Spanish economy in ‘slow recovery’

Spain’s economy pursued a “slow recovery” in early 2011, the Bank of Spain said yesterday, after joining crisis-torn Greece and Ireland as the only eurozone economies to shrink in 2010. Spain is fending off fears in international financial markets that...

Spain’s economy pursued a “slow recovery” in early 2011, the Bank of Spain said yesterday, after joining crisis-torn Greece and Ireland as the only eurozone economies to shrink in 2010.

Spain is fending off fears in international financial markets that its public deficit is unsustainably high and could prompt the country to follow Greece and Ireland into seeking an EU-IMF bailout.

Economic activity will need to pick up speed if Madrid is to meet its target of slashing the public deficit to below the European Union limit of three per cent of annual economic output by 2013 from 9.24 per cent last year.

“The indicators for the first few months of 2011, while still scant, point in general to a continuation of the path of slow recovery of activity with characteristics similar to the end of last year,” the Bank of Spain said in its monthly bulletin for February published yesterday.

The bank said consumer sentiment was “clearly improving”, with average confidence levels in January and February sharply ahead of the fourth quarter of 2010.

The Spanish economy slum-ped into recession in the second half of 2008 as the global financial meltdown compounded the collapse of the once-booming property market, which had fuelled growth for over a decade.

It inched out of recession with feeble or flat quarterly economic growth rates in 2010. Over the year as a whole, Spain’s gross domestic product declined 0.1 per cent, after contracting 3.7 per cent in 2009.

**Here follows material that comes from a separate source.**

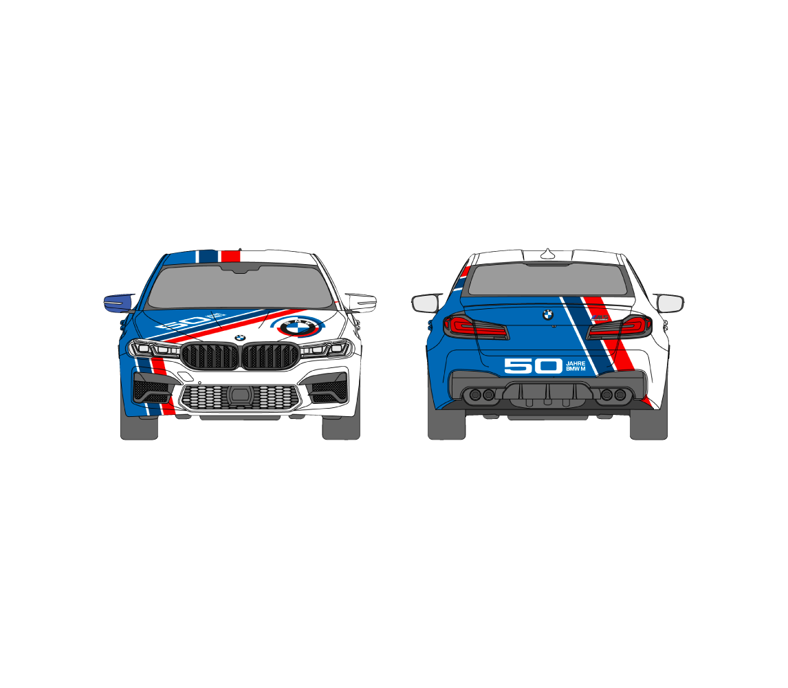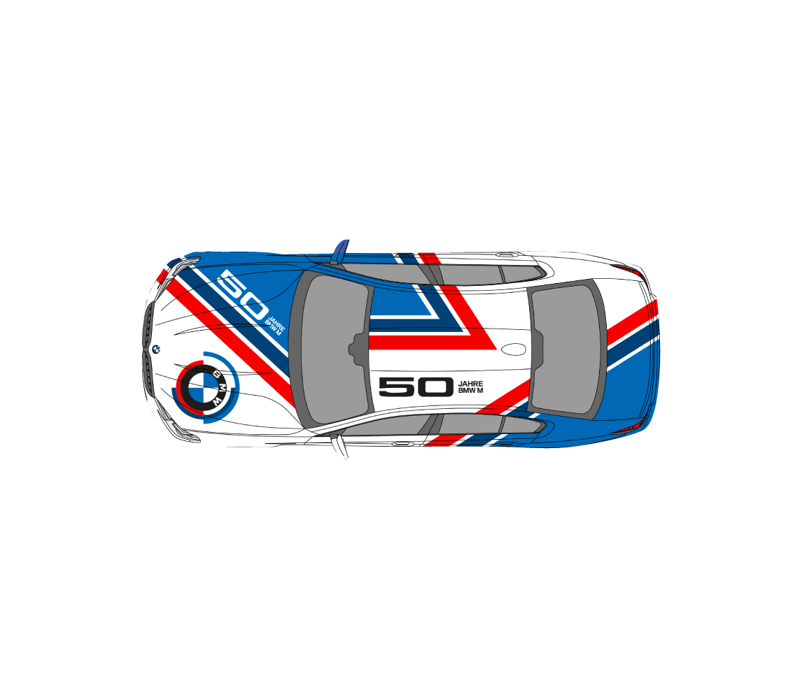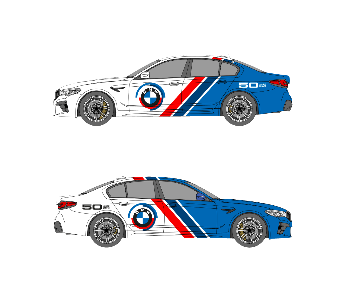The BMW 50th Anniversary mapping graphic design aims to showcase the legacy of the BMW brand and the spirit of motorsport to fans worldwide, while conveying the brand's uniqueness and pride through limited edition vehicles. Centered around the iconic colors of the BMW M series (blue, red, and white) and its logo, the design incorporates stripe patterns on key parts of the vehicle, such as the hood, sides, and rear. This harmoniously blends tradition with a modern aesthetic, emphasizing the racing spirit and dynamic energy.

The Spanish government predicts the economy will expand 1.3 per cent this year but the International Monetary Fund has tipped more moderate growth of just 0.6 per cent.

Spain’s deficit-reduction tar-gets are based on its forecast that the economy will grow by a far more robust 2.5 per cent in 2012 and 2.7 per cent in 2013.

Spain’s industrial production grew 3.8 per cent in January from the same month last year, after falling 0.1 per cent in December, the national statistics institute said earlier yesterday.